PRÉDICTION ET SÉLECTION DE LA TOXICITÉ
1 000 à 5 000 candidats analysés par heure

Données requises : seuil de toxicité toléré + 1 clic
Entrée facultative : ensemble/bibliothèque de composés d'intérêt

Les candidats saisis par l'utilisateur ou issus de l'étape précédente sont passés au crible d'un ensemble de filtres de toxicité inédits, entièrement fondés sur les premiers principes et fournissant une interprétation mécaniste ainsi qu'un retour d'information à la phase de conception.

Le pipeline identifie l'inhibition d'enzymes métaboliques clés dans plusieurs organes, tels que le foie, le cœur, les reins et le cerveau. De plus, il prédit la biodégradation en métabolites toxiques, en se basant sur notre base de données de réactions enzymatiques clés et de substrats toxiques connus.

Notre approche atteint une précision inégalée par rapport aux modèles de toxicité de Deep Learning existants, qui sont condamnés à rester des expériences théoriques, car ils ne sont pas formés sur des milliards de données propriétaires in vivo et cliniques, auxquelles la plupart des organisations n'ont pas accès.

05

ÉVALUATION DE L'EXTENSIBILITÉ DES MÉDICAMENTS
1 000 à 5 000 composés analysés par heure

Données requises : plage souhaitée à partir de notre carte du compromis évolutivité-stabilité + 1 clic
Entrée facultative : ensemble/bibliothèque de composés d'intérêt

Les modèles de rétrosynthèse, de stabilité des lots et de chaîne d'approvisionnement sont réunis et harmonisés.
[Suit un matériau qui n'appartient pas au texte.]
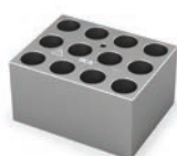
DB 2.1 Single block Suitable for: Conical tubes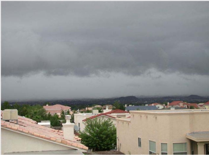
This shower and thunderstorm complex remains almost stationary over west El Paso and surrounding areas for about seven hours bringing the worst flooding in the city's history.

On August 1 a trough of low pressure moves slowly across southern New Mexico and western Texas while extremely moist and weakly unstable air flows into the region. With the wind speeds aloft weak, this weather pattern generates widespread rain showers and a few thunderstorms over western El Paso and southern Dona Ana Counties during the early morning with storms becoming almost stationary and dumping heavy rains through the morning and early afternoon. As a result probably the worst flooding on record occurs around the El Paso Metropolitan Area with three to eight inches of rain falling.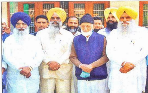
All Parties Hurriyat Conference chairman Syed Ali Shah Geelani during a meeting with an SGPC delegation in Srinagar.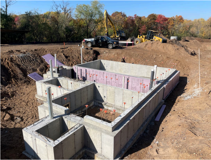
Chemical building foundation installed October 2023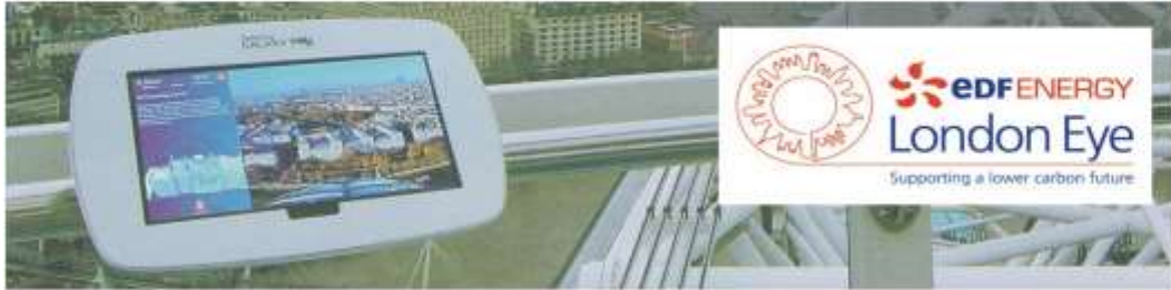
Digital Cityscapes flying high on the London Eye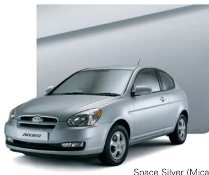
Space Silver (Mica)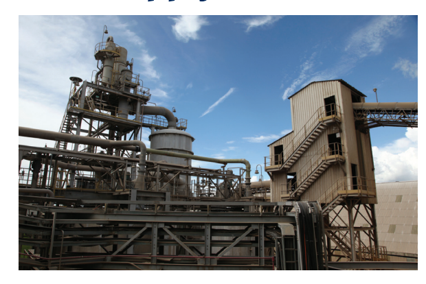
A NEW KIND OF DEPENDENCE?—The U.S. will deplete its phosphate rock reserves within 30 years, thus becoming dependent on foreign countries for phosphorus fertilizers that are essential to food production.

Of those three corporate giants, one is a monopoly authorized by the Moroccan government. The other two have a cartel sanctioned by the U.S. under the 1918 Webb-Pomerene Act, which basically gives them antitrust immunity to set prices above competitive levels. They also have an export cartel sanctioned by the Canadian government. As is true with most cartels and monopolies, these three companies can jack up phosphorus fertilizer prices at will, Taylor says.

Il s'agit du premier modèle d'IA capable de prédire toutes les caractéristiques critiques impliquées dans une synthèse actualisée et réelle d'un nouveau composé. Il identifie et classe rapidement les candidats présentant un haut degré de fabricabilité et de capacité de mise à l'échelle, et génère un rapport pour chaque composé analysé.

Ce modèle est actuellement en cours de construction.

06

validation in vitro
Les composés principaux pratiquement identifiés et conçus font l'objet d'une évaluation systématique au moyen d'une combinaison d'essais visant à caractériser à la fois leur biophysique (affinité avec la cible) et leurs effets cellulaires.

Les évaluations de la viabilité et de la toxicité des cellules sont effectuées à l'aide de lignées cellulaires soigneusement sélectionnées et caractérisées. L'ensemble du processus est hautement automatisé afin d'optimiser le débit des tests, les essais étant réalisés sur des plaques de 96 et 384.

Les tests sont réalisés par des partenaires universitaires et une CRO, les résultats obtenus servant à valider et à améliorer nos modèles, ce qui garantit une amélioration continue du pipeline.